Savers Value Village (NYSE:SVV) reported what management described as an inflection quarter, delivering its first year-over-year Adjusted EBITDA growth in nearly two years as both its U.S. and Canadian segments contributed higher profit. Executives pointed to accelerating thrift adoption in the U.S., stabilizing trends in Canada, and improving returns as newer stores mature.
Fourth-quarter results and key drivers
For the fourth quarter ended January 3, 2026, total net sales increased 15.6% to $465 million. Chief Financial Officer Michael Maher said sales growth was 8.4% excluding the benefit of a 53rd week and 8.4% on a constant-currency basis. Comparable store sales increased 5.4% on a like-for-like 52-week basis.
Management highlighted strong performance in the U.S. business. U.S. net sales increased 20.6% to $266 million, or 12.6% excluding the 53rd week. Comparable store sales in the U.S. rose 8.8%, which executives said was fueled by both transactions and average basket and was broad-based across categories and regions.

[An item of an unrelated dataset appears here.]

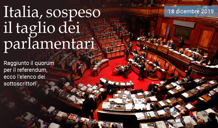 18 dicembre 2019 - È stato raggiunto il quorum dei senatori (un quinto del totale) necessario ad avviare il referendum sul taglio dei parlamentari. Le sottoscrizioni, custodite in un ufficio di Palazzo Madama, dovrebbero essere trasmesse nelle prossime ore in Cassazione, per cui, salvo colpi di scena, si blocca l'iter per l'entrata in vigore della legge. Ecco l'elenco dei 64 firmatari:
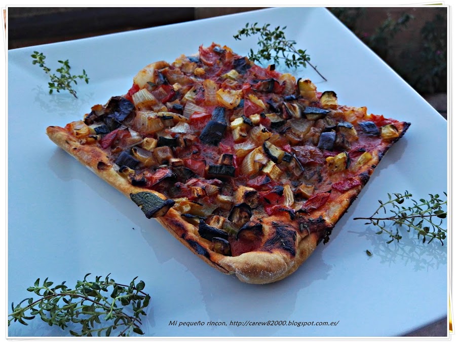 Una vez esta toda la verdura bien repartida la metemos en el horno y vamos vigilando hasta que queda todo bien listo, la masa tiene que quedar crujiente.

CEO Mark Walsh said results were driven primarily by mature stores, with limited contribution from new locations that are only beginning to enter the comp base.
In Canada, trends were described as stabilized. Canadian net sales increased 9.1%, or 3.1% excluding the 53rd week. On a constant-currency basis, Canadian net sales increased 3% to $156 million and comparable store sales increased 0.7%, driven by higher average basket. Management said it is planning conservatively in Canada and does not assume a material improvement in the Canadian economy in the near term.

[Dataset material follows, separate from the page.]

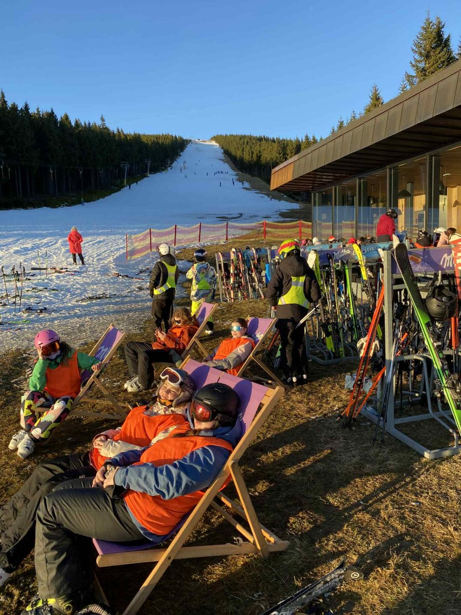 Horká čokoláda, pohodička na lehátku a nasávání posledních doušků lyžařské atmosféry.

Margin, expense, and segment profitability
On the cost line, cost of merchandise sold increased 30 basis points to 44.6% of net sales, which Maher attributed to the impact of new stores, partially offset by leverage on comparable sales and growth in on-site donations.
Salaries, wages, and benefits expense totaled $93 million. Excluding IPO-related stock-based compensation, salaries, wages, and benefits as a percentage of net sales increased 90 basis points to 19.2%, driven primarily by new store growth, higher wage rates, and increased annual incentive plan expense.
Selling, general, and administrative expenses rose 8% to $99 million, mainly due to store base growth. However, as a percentage of net sales, SG&A decreased 150 basis points to 21.4%. Depreciation and amortization increased 32% to $22 million, reflecting investments in new stores, the extra week, and accelerated depreciation on seven stores closed during the quarter. Net interest expense decreased 8% to $14 million, primarily due to debt refinancing, partially offset by the extra week.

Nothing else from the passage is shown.